Kashiwakura – O IX.br tem um modelo diferente. Usávamos roteadores, que era um modelo de rede muito mais custoso. Desenvolvemos no passado um conceito baseado em switches, que opera a um custo equivalente a 10% do que seria com os inúmeros roteadores que precisaríamos para lidar com o tráfego. Conforme o IX cresce, existe um trabalho para testar novas tecnologias para estabilizar o sistema. No segundo semestre, vamos fazer um PoC e testar a tecnologia EVPN, que vai trazer uma maior facilidade de configuração. E a gente acredita que vai facilitar nossa vida. Mas o valor… Não posso dizer exatamente, o investimento é de algumas dezenas de milhões no IX por ano, este ano será um pouco mais por causa da chegada dessa nova tecnologia.

Qual vai ser o crescimento do tráfego este ano?
Kashiwakura –
O PTT de São Paulo está com 4,5 Tera. Vamos crescer algo como 40% em tráfego, que é mais que os grandes IX internacionais vão crescer. Ainda não vamos passar os principais, mas vamos ficar colados no pico e média.

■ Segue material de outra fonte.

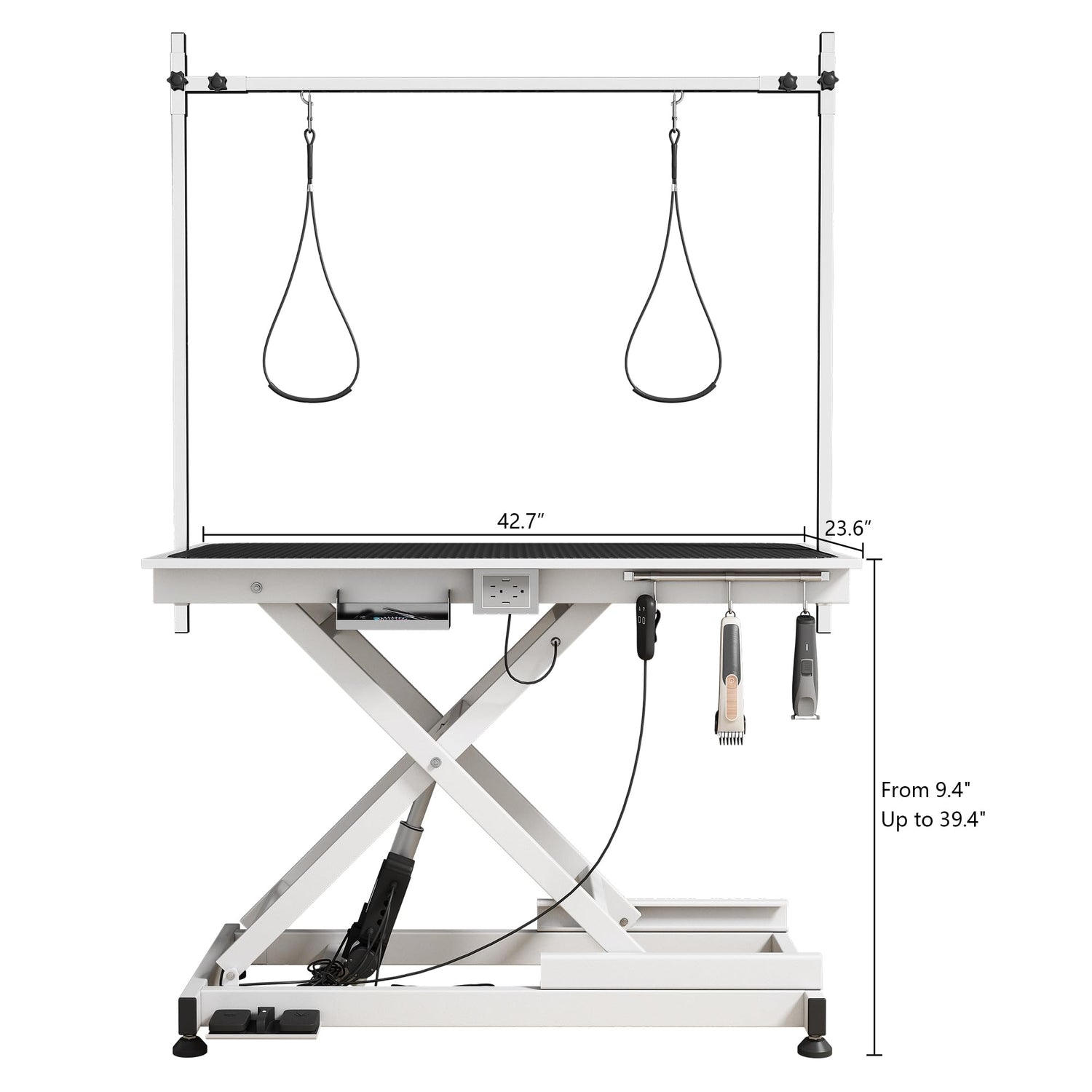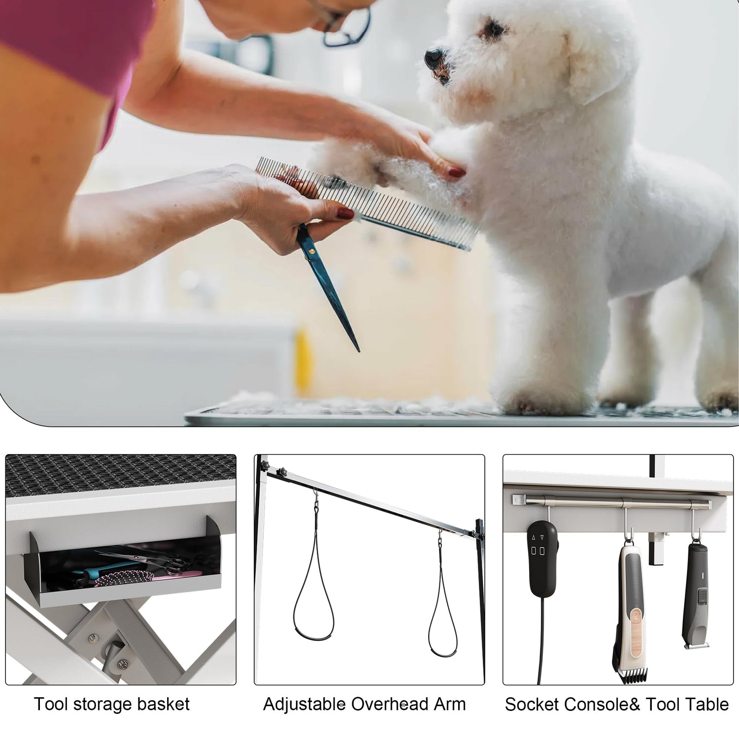 - Professional Design: Durable X-style electric lift mechanism, designed to last and perform under heavy use. High Load Capacity: Supports up to 330 lbs, suitable for all sizes of pets.

Não sabemos se o numero de participantes vai mudar. Tem participantes que chegam, outros que saem. Acho que vamos terminar o ano com 100 a 150 participantes novos, a mais. O que está acontecendo muito é que os que já fazem parte estão mudando as portas de 10 G para portas de 100 G, ou acrescentando mais portas de 10 G, então a quantidade de portas tem crescido muito. Sempre por causa de conteúdo em vídeo, inclusive a troca de conteúdo 4K está aumentando e já fizeram efeito no volume de tráfego.

O Capex é suficiente para lidar com o crescimento? O preço cobrado dos participantes pelo uso de portas entra no Capex?
Kashiwakura – A cobrança das portas não é Capex, paga apenas o custo operacional. É simbólico. Como regra, temos reserva de caixa para rodar dois anos sem recurso novo nenhum. O aporte deste ano é maior que ano passado, não é todo ano que o montante é o mesmo. Existe o componente deste ano, que é a mudança da topologia para maior robustez da rede. A gente só espera que a taxa de câmbio não mude, pois isso pode comprometer o investimento.